開始時に各穴に何個の石を入れるかという初期配置は様々な形があり得るが、主なものは、1)自陣の穴全てに等しい数の石を入れる、2)自陣の穴にひとつおきに等しい数の石を入れる、の2種類である。各穴に入れる石の数は2~6個程度が多い。
[編集] 初期配置の一例
6X2列の各穴に3個ずつの石を入れた場合を示す。
[編集] 石撒きの一例
[編集] ゲームの一例"Kalah"
ウィキペディア英語版でカラハとして紹介されているゲームである。また、イギリスでゲームメーカーから発売されているゲーム(外部リンク参照)の中では"Basic"(基本ルール)として紹介されている。子供向けと見なされており、先手必勝法が知られているらしい。
- ボードは6X2列の穴と列の両横にストア(store,貯蔵所)と呼ぶ大きな穴を持つ。ボードを挟んでプレイヤーが向かい、自分の側の一列が自分の陣となる。自分の右側のストアが自分のストアである。石撒きでは自分のストアにも撒くが、敵のストアには撒かない。石撒きは反時計回りに行う。初期配置はストア以外の全ての穴に3個ずつの石を入れた配置である。
- ラップが自分のストアで終われば、つまり石撒きで最後の石が自分のストアに入れば、再び自陣の好きな穴から石を取り撒き始めることができる。すなわち、これはマルチラップのルールである。ストア以外の穴で終われば、相手の手番になる。ラップが自陣の空の穴で終われば、その最後の石と、同じ位置の敵陣の石、つまり対面の穴にある石全てを取り、自分のストアに入れる。

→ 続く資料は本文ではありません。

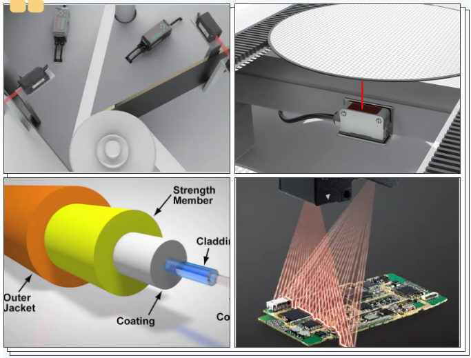 (左上)光伏行業(yè)卷繞糾偏 (左下)晶圓定位測(cè)量 (右上)光纖偏移測(cè)量 (右下)PCB質(zhì)量檢測(cè)
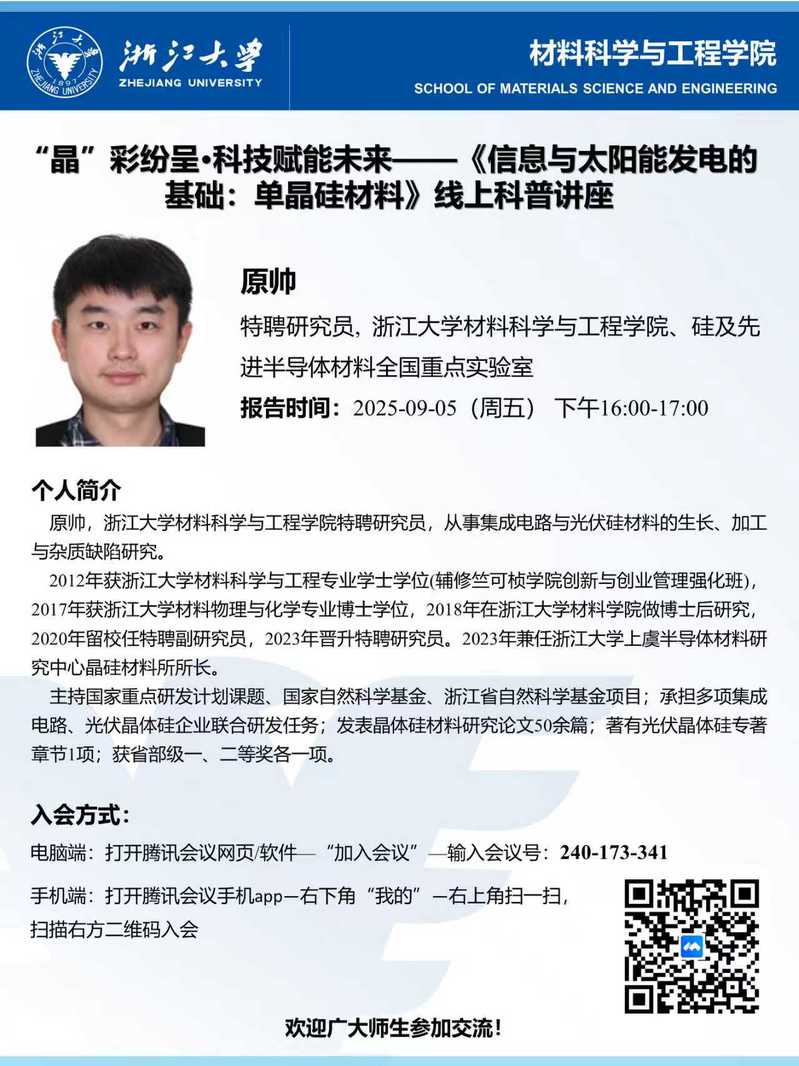 “晶”彩纷呈 科技赋能未来-《信息与太阳能发电的基础:单晶硅材料》线上科普讲座
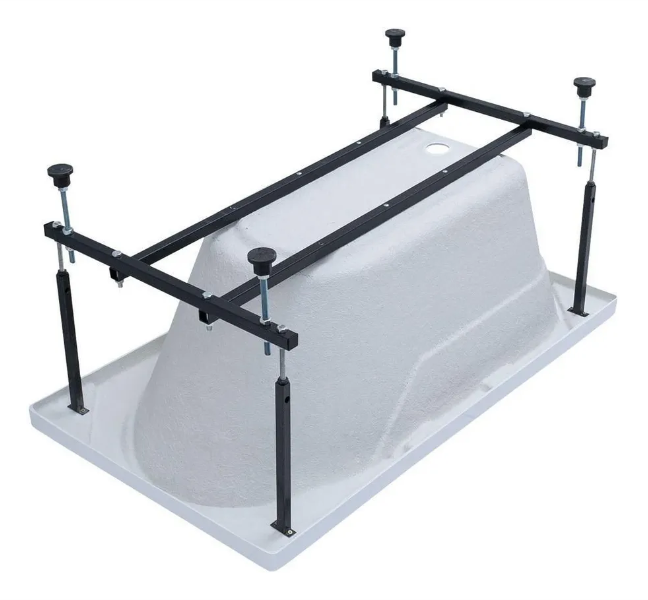 Ванна уже установлена на жесткий сварной каркас из металлического профиля. Металлические детали каркаса подвергаются трехступенчатой обработке, когда сначала профильная труба проходит абразивную зачистку на специальном станке, после чего готовые детали обрабатывают каустической содой, и, просушив, покрывают с помощью электростатического распылителя молотковой краской по металлу. Это гарантирует равномерность окрашивания и стойкость покрытия.
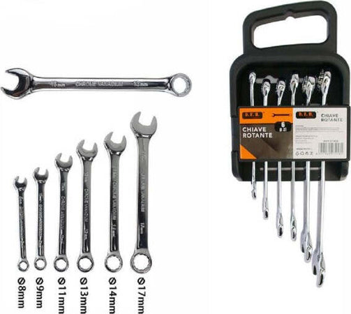 Confezione 6 Pezzi Chiave Inglese Combinata Cricchetto Anello Varie Misure 07458
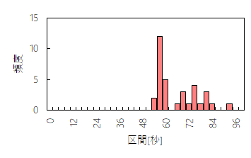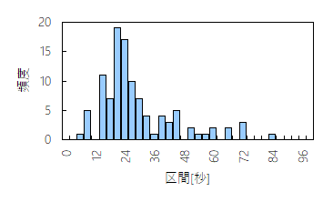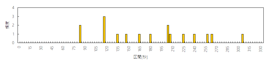 同様に、頻度分布を示した(下図)。21~27secに分布のピークを認めるが、それより短いインターバルが多数記録された。これはクールダウンタイム以外の要因による制御を示唆する。そこで、際立って短いインターバル(7~12sec)を記録したウェーブを概観図中で黄色にマーキングしたところ、いずれもレイジ状態での記録値であった。ナイソーリがレイジ状態にあるとき、ウェーブの再使用インターバルが短縮する可能性が提示された。
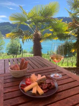 Dans notre Grotto KALIFORNI, directement au bord du lac de Walenstadt, nous présentons nos vins produits par nos soins, des tapas et une atmosphère particulière dans un microclimat entre le lac et les parois rocheuses calcaires abruptes des Churfirsten.
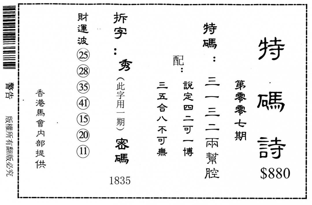 香港天机信封
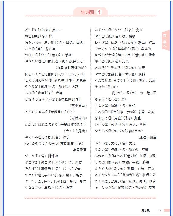 - 单元重点词汇:例如第一单元的 “見学”(けんがく)、“工場”(こうじょう)等;第二单元的 “べんとう”、“公園”(こうえん)等;第三单元的 “やる”、“なる”、“まだ” 等。
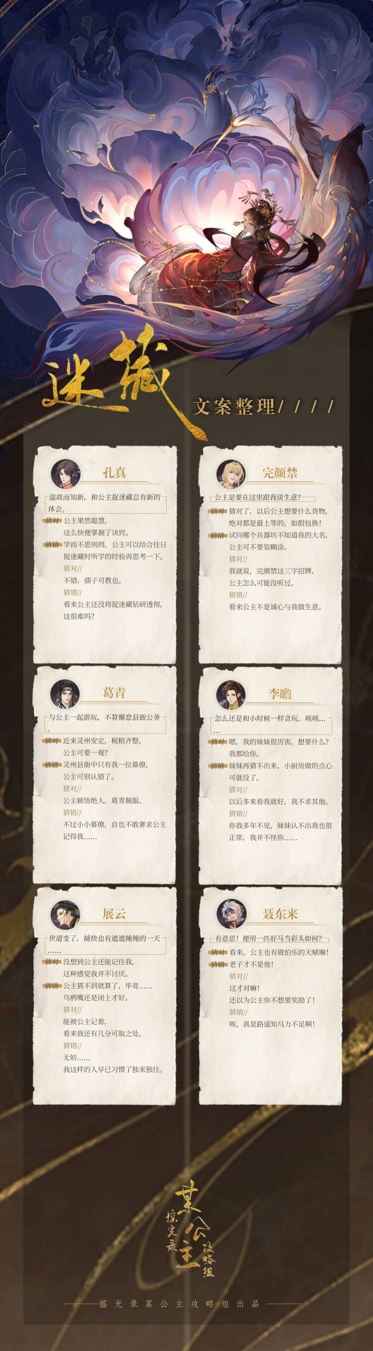 本次整理除进入捉迷藏后名士说的第一句话,还收集了猜对、猜错一次再猜对、两次都猜错的情况下名士的反应。捉迷藏速查攻略可以点击主页查看哦~
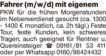 mit eigenem PKW für die frühen Morgenstunden im Nebenverdienst gesucht (ca. 1300 - 1400 € monatlich, ca. 2h tägl.) Feste Tour, feste Kunden, kein schweres Tragen, auch geeignet für Rentner u. Quereinsteiger.
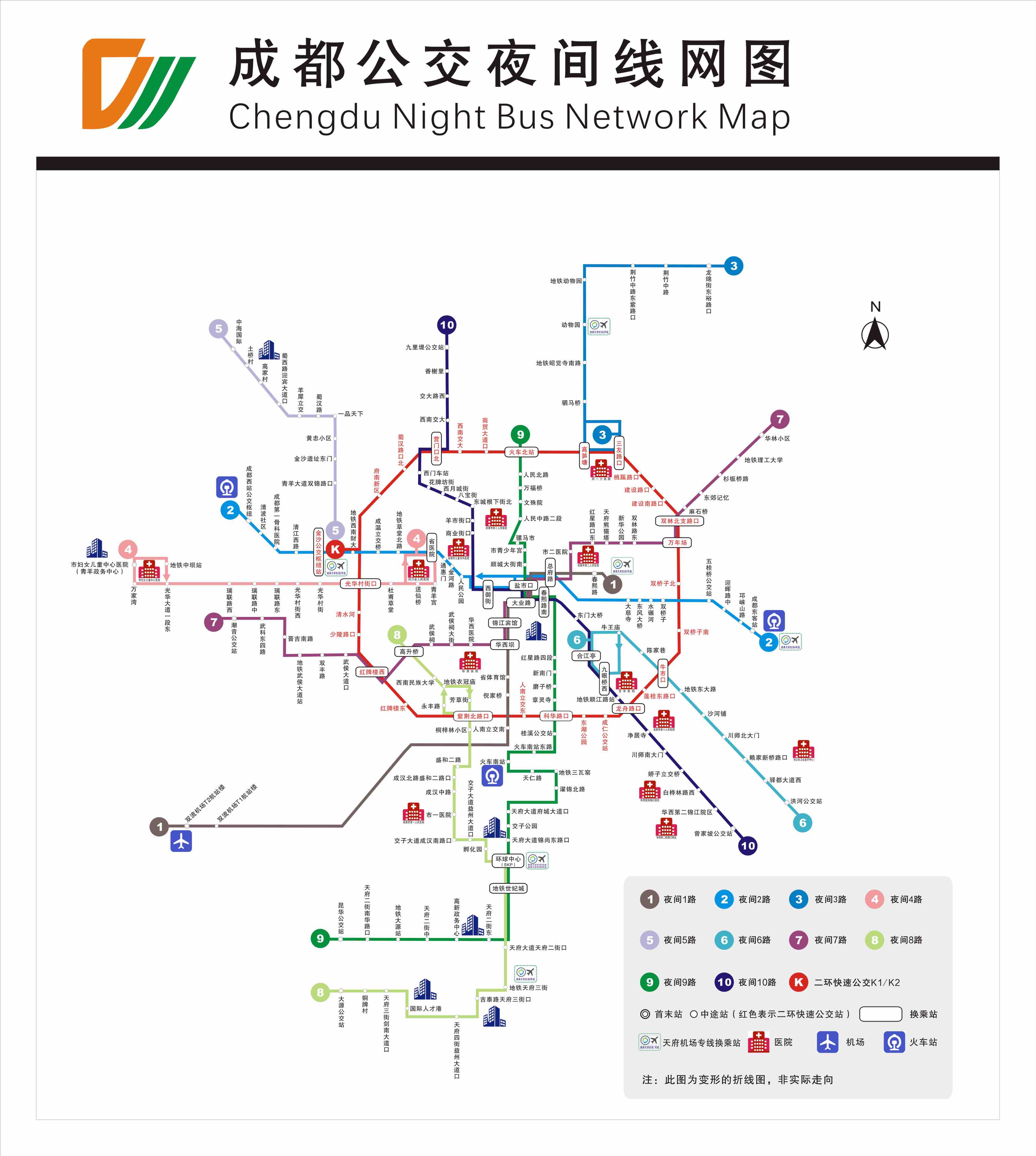 通过“米”字形夜间公交骨架网络,夜间公交调整覆盖南北向、东西向主要客流廊道,服务成都“两场三站”(天府机场、双流机场、成都东站、成都南站、成都西站)交通枢纽,春熙路商圈、华西医院,以及孵化园、软件园等办公区,满足主要客流通道市民夜间出行需求。其中夜间1路、9路通宵运营,其余3条运营时间为22:00-次日00:30,覆盖客流主要出行时段。
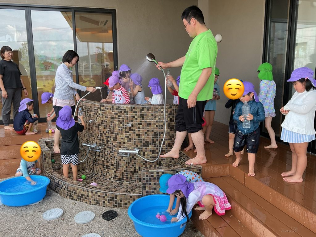 朝夕は過ごしやすくなってきたものの、日中はまだまだ真夏の暑さですね 今日は、あまね組・わかば組・のどか組は水遊びをしました つめた~いお水にみんなとびっきりの笑顔です 色水あそび …
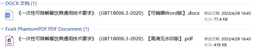 3、《一次性可降解餐 饮具通用技术要求》(GB/T18006.3-2020)【全文附高清无水印PDF+DOC/Word版下载】
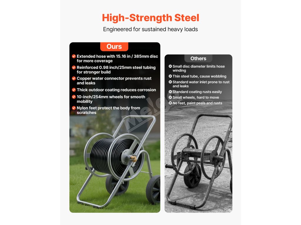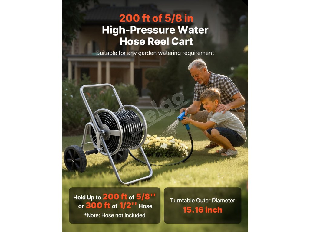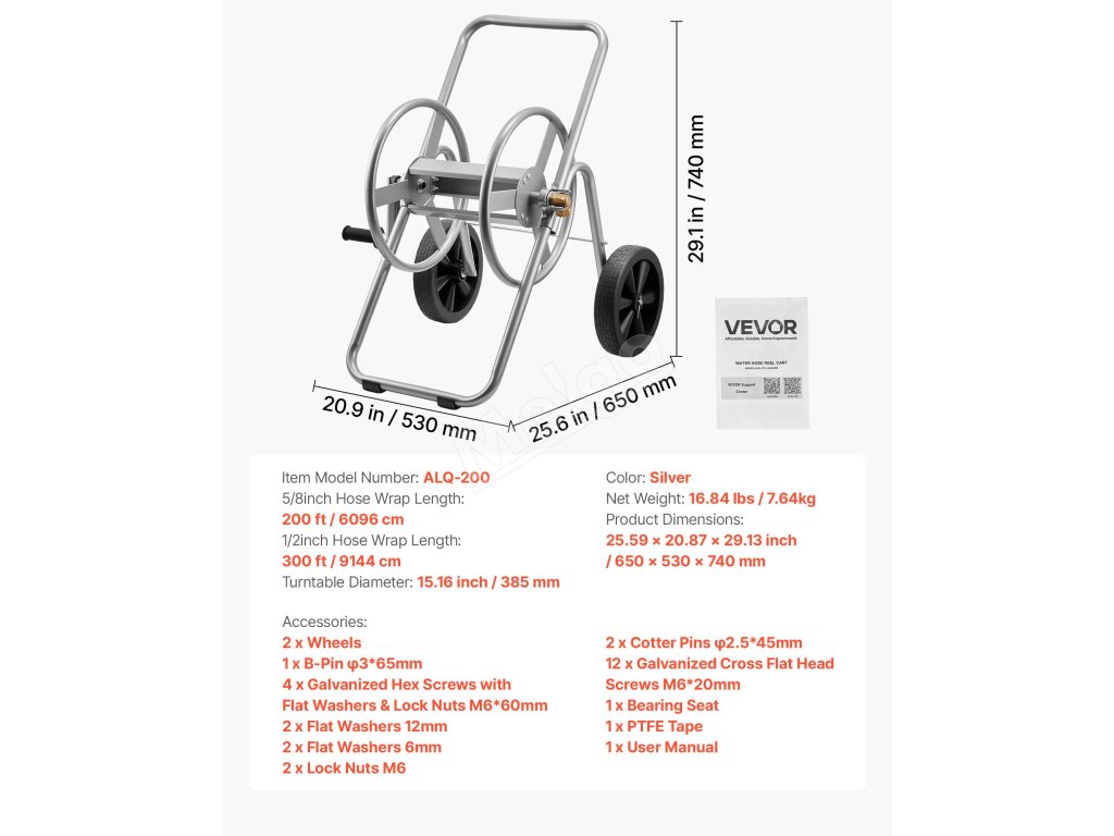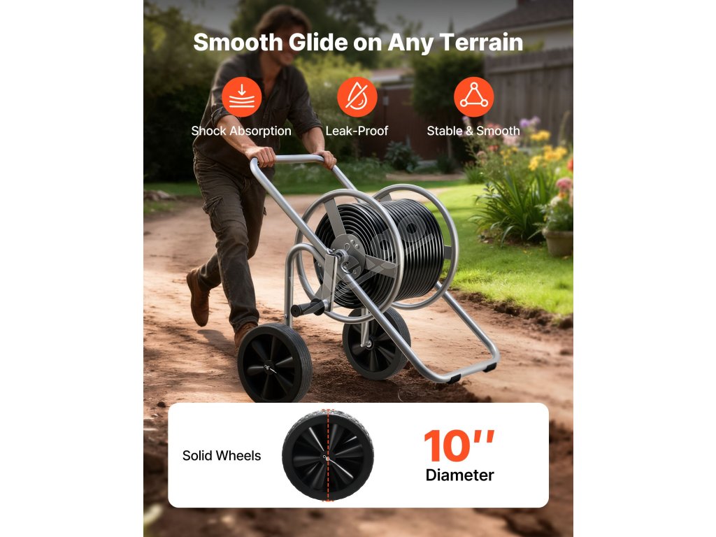 Tento vozík na navíjanie vodnej hadice, vyrobený z ocele Q235A s mosadzným príslušenstvom, pojme 300 stôp (9144 cm) hadice 1/2" (12,7 mm) alebo 200 stôp (6096 cm) hadice 5/8" (15,88 mm). Prevodové navíjanie umožňuje jednoduché navíjanie, zatiaľ čo jeho nízky stred a protišmykové kolieska ho udržia stabilný na tráve, štrku alebo nerovnom teréne.

- どちらかの陣の全ての穴が空になった時点でゲームが終了し、その時に穴に残っていた石全ては、空になった側のプレイヤーのものになり、そのプレイヤーのストアに入る。従って、まだ石が多く残っている間にうかつに敵陣の穴をどんどん空にすると負ける危険がある。
[編集] ゲームの一例"Oware"
ウィキペディア英語版でw:en:Owareとして紹介されており、外部リンクのイギリスのゲームメーカーから"Owari"として紹介されているゲームと同じである。マンカラ系ゲームの中では最も戦略性が高いものの一つであり、チェスや囲碁と同様にエキスパートが存在する。ガーナの国技でもある。
- 石撒きでストアには入れず、ストアは取った石の貯蔵所としての意味しか持たない。初期配置は全ての穴に4個ずつの配置である。
- 石撒きは反時計回りに行い、撒き終われば相手の手番になる。つまりシングルラップである。撒く石の数が12個以上なら、ラップ中に一周して撒く石を取った元の穴に戻るが、その場合はその元の穴には石を入れずに飛ばして次の穴から撒き続ける。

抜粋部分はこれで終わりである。